==== EXERCISE DATA ====
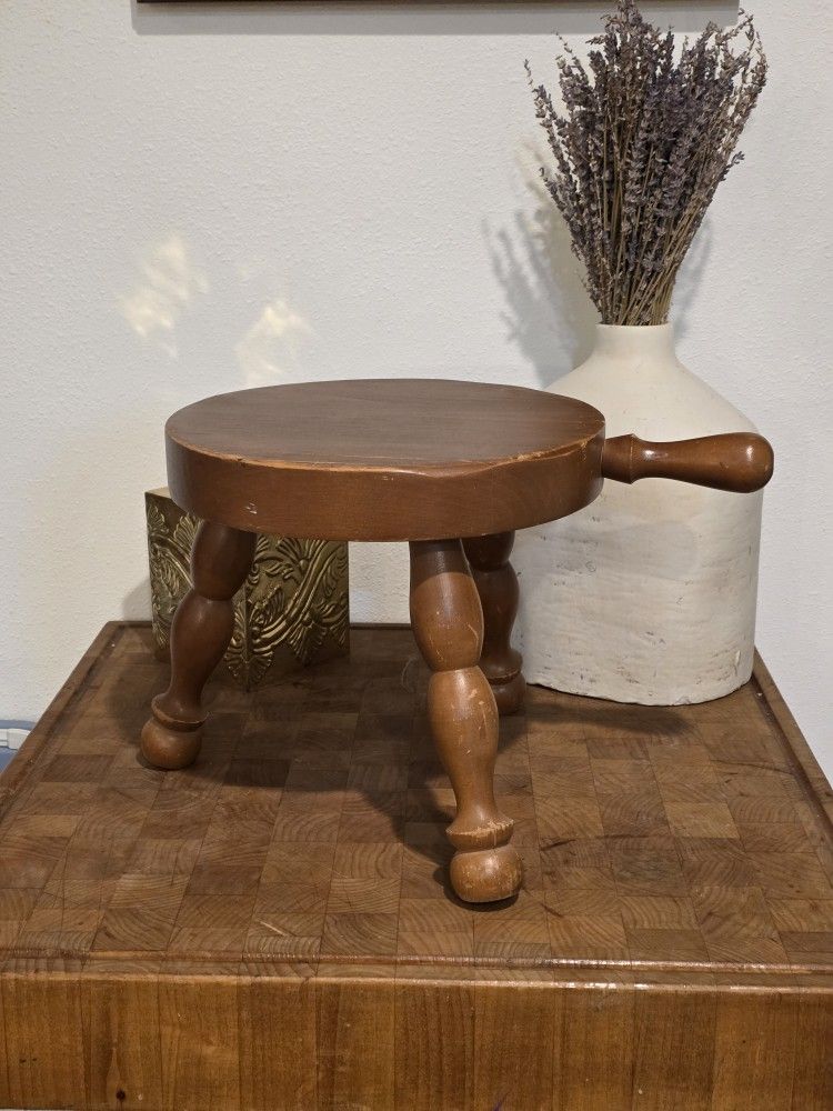 Wooden Milking Stool w/Handle 3 Three-Legged Round Seat Shows Wear
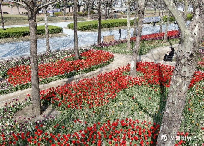 지난해 가을에 식재한 9만본의 튤립, 수선화를 포함해 총 13만6,000본의 형형색색 봄꽃이 만개했다.
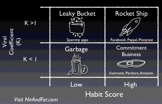 Relying too heavily on viral growth is also bad for business. Silicon Valley is strewn with the stories of “leaky bucket” companies – businesses that grew quickly, annoyed lots of people, and died. While some of these companies were pure spam, others offered value to users but failed to form habits.
====
* [TASK PROMPT]
Everything from the line containing "지난해 가을에 식재한" to the final line of the listing above, both ends included, should be transcribed word for word, except for the pictures.

* [REPLY]
 지난해 가을에 식재한 9만본의 튤립, 수선화를 포함해 총 13만6,000본의 형형색색 봄꽃이 만개했다.
 Relying too heavily on viral growth is also bad for business. Silicon Valley is strewn with the stories of “leaky bucket” companies – businesses that grew quickly, annoyed lots of people, and died. While some of these companies were pure spam, others offered value to users but failed to form habits.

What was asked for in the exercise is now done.